If you want a response regarding my #shiftgrabber or using #httpcatcher or doing api calls please send a tip first. Please note this does not guarantee I can solve your problem, just rather that I’ll give it a bit of thought! Otherwise I ignore them. Link to tip me:
https://buy.stripe.com/3cs9B36hB6IIbfOaEK
Working as a bike courier in Toronto has its ups and downs. I, like most other couriers really enjoy riding in the summer. I try to avoid working in the winter, only working minimal shifts to keep my accounts active. I’m signed up on every company, but I don’t work full time. Summer 2017 uber wasn’t paying so well so many of us were working foodora and unfortunately the shift grabbing wasn’t so easy. Shifts would drop Wednesday morning at 10 or 11 am depending on what group you were in. Group 1 was for the loyals- people who worked full time, didn’t refuse orders and were never late. However I was always in group 2 or 3 mainly because I worked few hours and generally avoided winter. So that meant 11am shift drop and those shifts were gone in mere minutes. What’s a girl to do? Well if you’re a weirdo like me you automate shift grabbing!

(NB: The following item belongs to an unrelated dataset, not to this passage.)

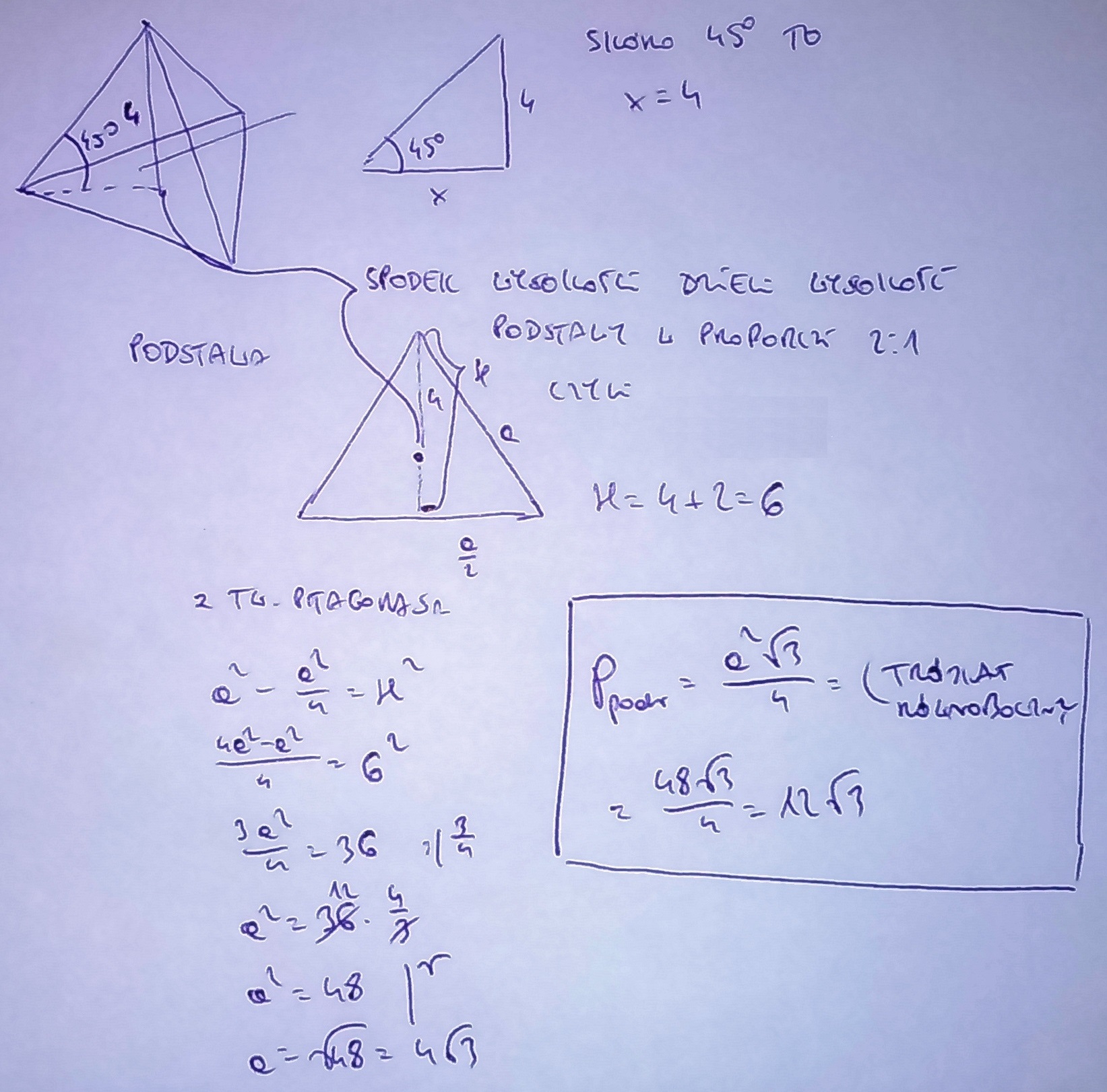 w ostorsłupie prawidłowym trojkątnym krawędź boczna jest nachylona do płaszczyzny podstawy pod kątem 45stopni. Wysokość bryły jest równa 4cm. Oblicz pole podstawy tego ostrosłupa.

Best part is I did this all without having to head to my laptop and proxy my traffic through a program like fiddler or burp, this was solely done on my iphone. Although I later copied a few versions of the apps IPA files to go look through (it was never distributed via itunes).
The app I used for my sniffing of the app traffic is HttpCatcher. Here is the link: https://apps.apple.com/us/app/http-catcher/id1445874902
iOS allows its users to move certs on to the root and httpCatcher gives you a cert and even deals with apps that have OKHttp! So everything works right out of the box! Just move your cert over and start your sniffing…easy peasy. The app even allows for use of Regex for find and replace…so things can get interesting if you want to do some poking around of an app. Having this ability and not having to jailbreak is golden as alot of modern apps do various bahavioural checks and are aware of tools like Frida, etc etc. They make us jump through a lot of booby traps and are very knowledgable about commonly used tools and other things (aka “hide my jailbreak” or hide my root”, “ssl kill switch”…)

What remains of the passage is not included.